Claude Code
// Definition
Anthropic's command-line AI coding agent. Unlike chat-based AI tools, Claude Code runs directly in the terminal with read/write access to the project file system. It reads existing test files, runs commands, generates code that matches project conventions, commits changes via git, and connects to external tools through MCP servers. The key distinction from autocomplete assistants like GitHub Copilot is agency: Claude Code accepts high-level multi-step instructions and executes them autonomously, checking in for approval before destructive actions.
// Related terms
AI Testing
The use of AI — language models, machine-learning classifiers, and AI-powered platforms — to accelerate testing tasks: generating test code from descriptions, analysing logs and stack traces, suggesting edge cases, healing broken locators, comparing screenshots intelligently, and triaging failures. AI augments QA engineers; it does not replace the judgement, exploration, and risk-modelling work that humans still do best.
Prompt Engineering
The craft of writing inputs to AI tools — language models, chat assistants, coding assistants — so that the output is useful, specific, and aligned with the task. Core principles include being specific about format, providing project context (existing patterns, conventions, examples), asking for chain-of-thought reasoning, enumerating edge cases up front, and iterating across multiple turns rather than expecting a perfect first response.

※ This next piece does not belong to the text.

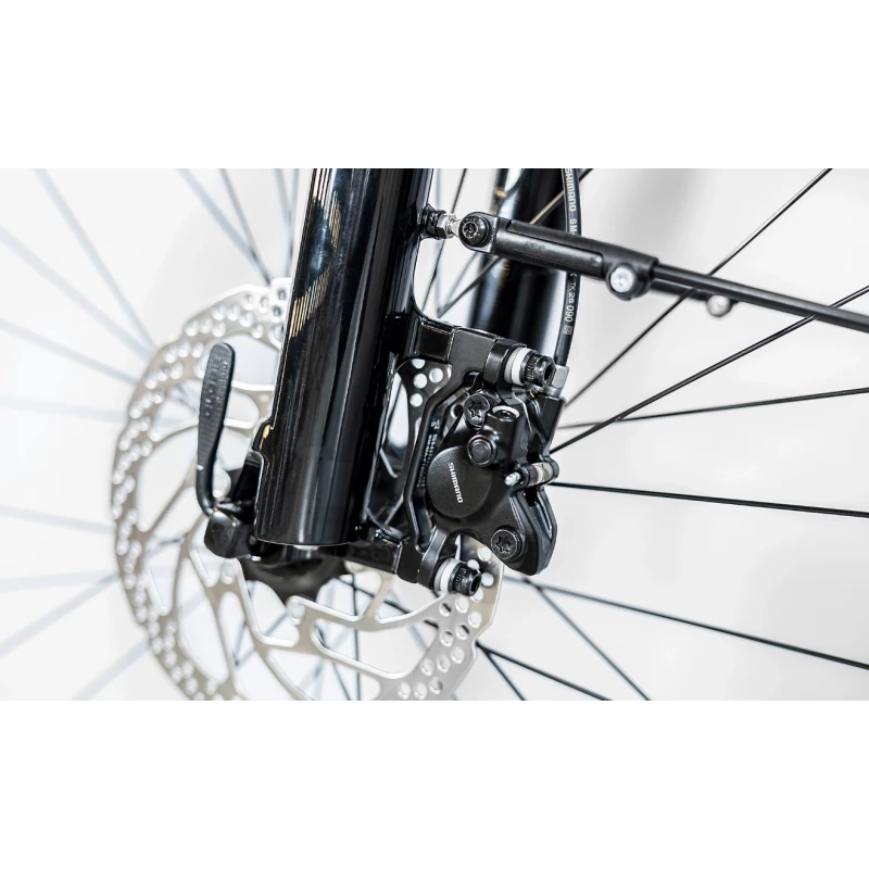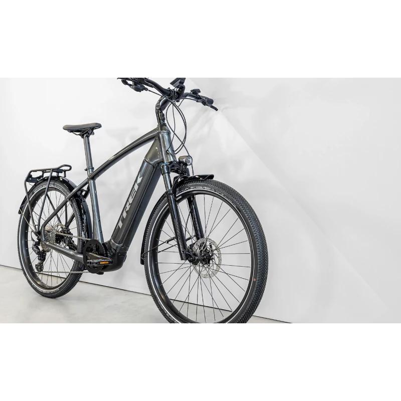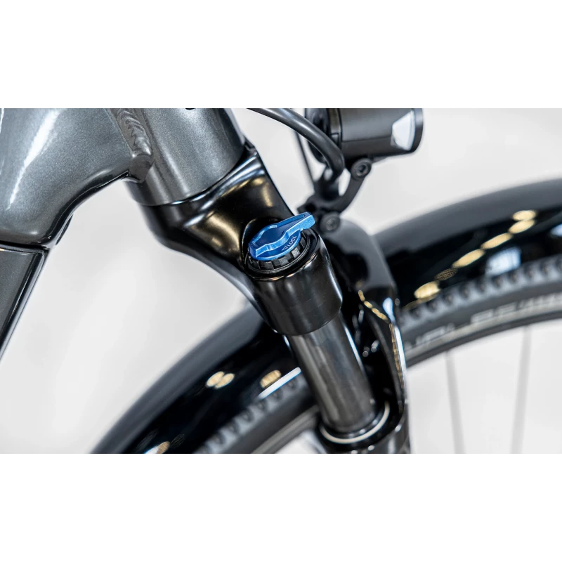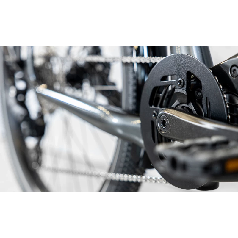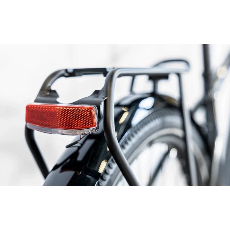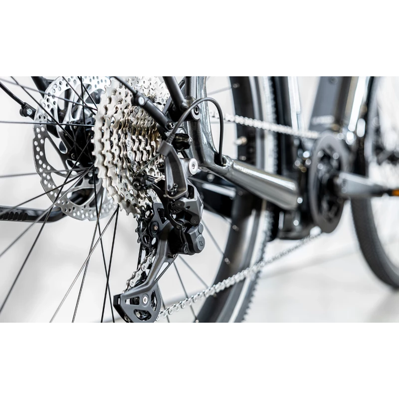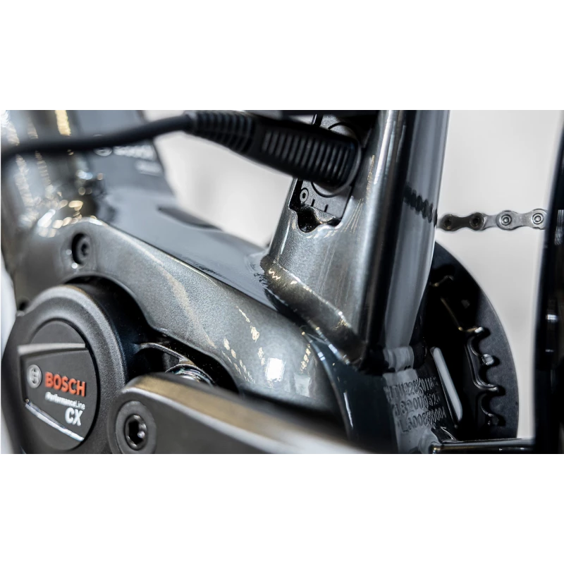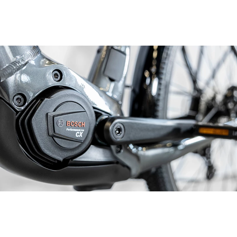 Un cadre en aluminium hydroformé au design élancé qui englobe complètement une batterie Bosch de 625 Wh, un moteur intelligent Bosch Performance Line CX (250 W, 85 Nm) qui offre une assistance jusqu’à 25 km/h et un contrôleur Kiox 300. Ajoutez à cela une fourche télescopique à blocage, une transmission Shimano 9 vitesses, de pour une puissance de freinage garantie par tous les temps, un système de feux avant et arrière intégrés, des garde-boue et un porte-bagages arrière compatible MIK.

Model Context Protocol (MCP)
An open standard introduced by Anthropic in late 2024 that lets AI assistants connect to external tools and data sources through a uniform JSON-RPC interface. An MCP server exposes tools (callable functions), resources (readable data), and prompts (templates) to any MCP-compatible host (Claude Desktop, Claude Code, IDE plugins). Build a server once and any compliant client can use it — the protocol is model-agnostic, which makes integrations portable across AI providers.
Agentic Workflow
A multi-step AI task where the model plans, executes, and self-corrects autonomously rather than responding to a single prompt. In an agentic workflow, the AI reads files, runs commands, processes results, makes decisions, and loops until the goal is complete — checking in at defined checkpoints for human approval. Claude Code's /plan mode and sub-agent capabilities are examples. Effective agentic workflows require well-scoped goals, explicit checkpoints, and incremental commits so errors can be caught and reversed.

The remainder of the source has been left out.